What is required: Word for word, copy the line that contains "AMF Allen key" and each line after it in the data below. Pictures stay out of the copy.

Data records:
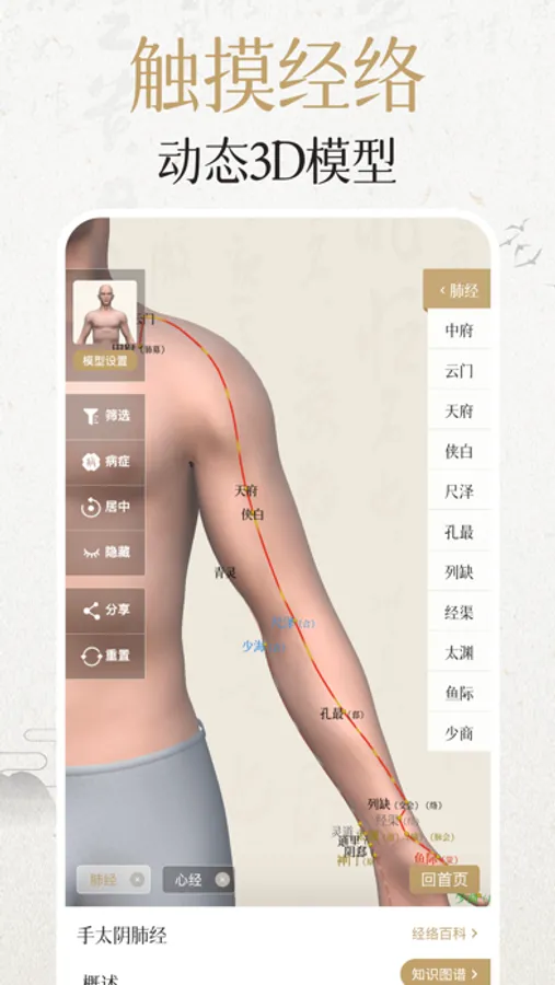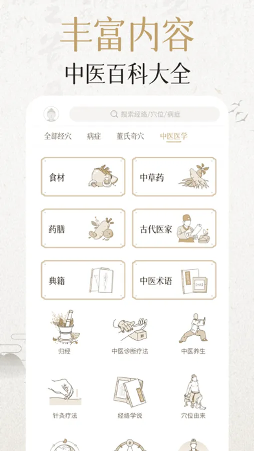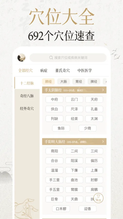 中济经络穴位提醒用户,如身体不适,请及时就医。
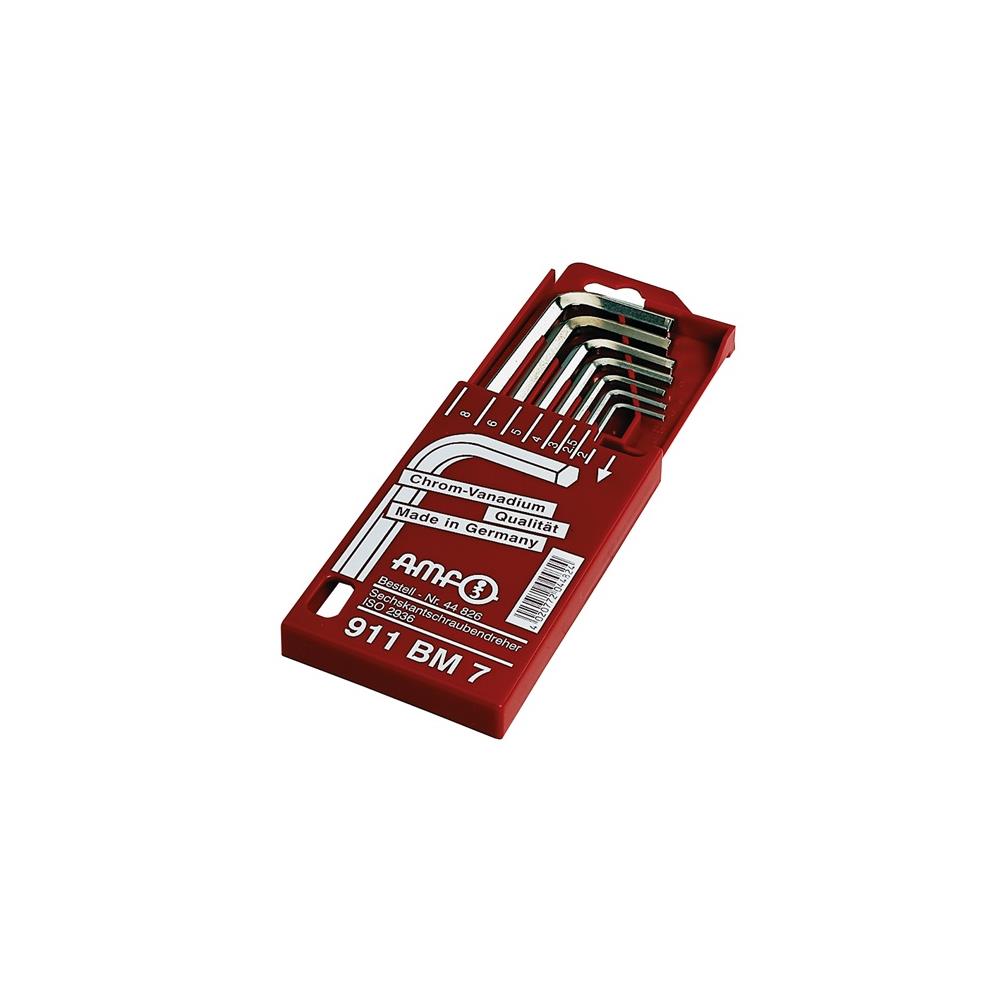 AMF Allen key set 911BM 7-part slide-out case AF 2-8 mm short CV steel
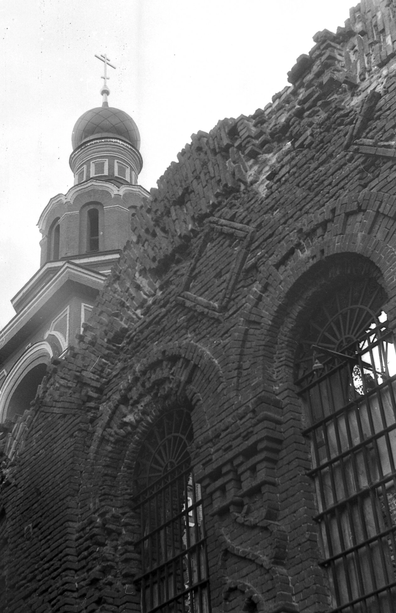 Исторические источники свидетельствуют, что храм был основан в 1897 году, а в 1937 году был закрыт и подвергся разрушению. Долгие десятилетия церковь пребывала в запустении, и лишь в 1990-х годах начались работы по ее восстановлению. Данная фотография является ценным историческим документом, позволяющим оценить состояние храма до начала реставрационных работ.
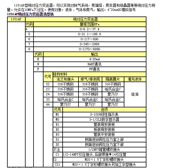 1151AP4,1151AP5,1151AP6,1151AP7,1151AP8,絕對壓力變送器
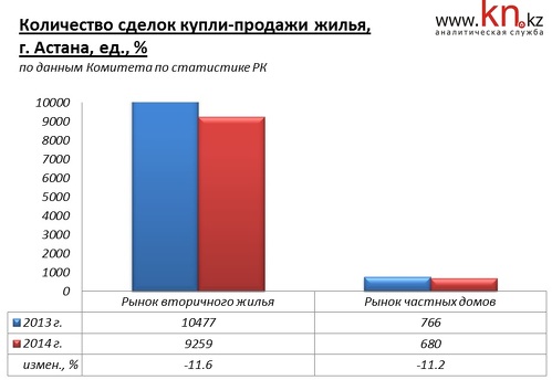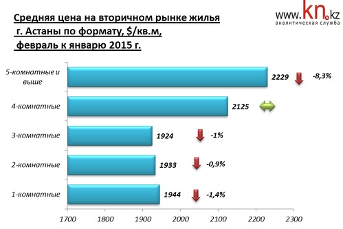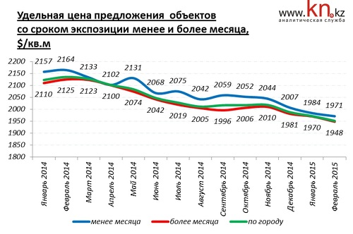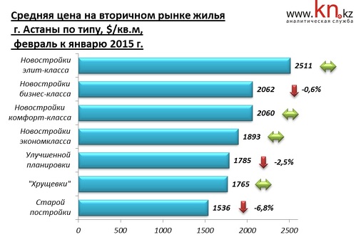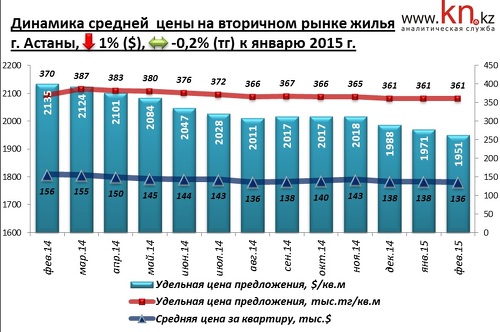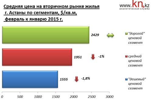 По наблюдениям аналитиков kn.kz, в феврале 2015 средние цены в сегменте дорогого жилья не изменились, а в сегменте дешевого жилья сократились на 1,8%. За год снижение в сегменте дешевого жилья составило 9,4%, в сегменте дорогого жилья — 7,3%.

Written solution:
 AMF Allen key set 911BM 7-part slide-out case AF 2-8 mm short CV steel
 Исторические источники свидетельствуют, что храм был основан в 1897 году, а в 1937 году был закрыт и подвергся разрушению. Долгие десятилетия церковь пребывала в запустении, и лишь в 1990-х годах начались работы по ее восстановлению. Данная фотография является ценным историческим документом, позволяющим оценить состояние храма до начала реставрационных работ.
 1151AP4,1151AP5,1151AP6,1151AP7,1151AP8,絕對壓力變送器
 По наблюдениям аналитиков kn.kz, в феврале 2015 средние цены в сегменте дорогого жилья не изменились, а в сегменте дешевого жилья сократились на 1,8%. За год снижение в сегменте дешевого жилья составило 9,4%, в сегменте дорогого жилья — 7,3%.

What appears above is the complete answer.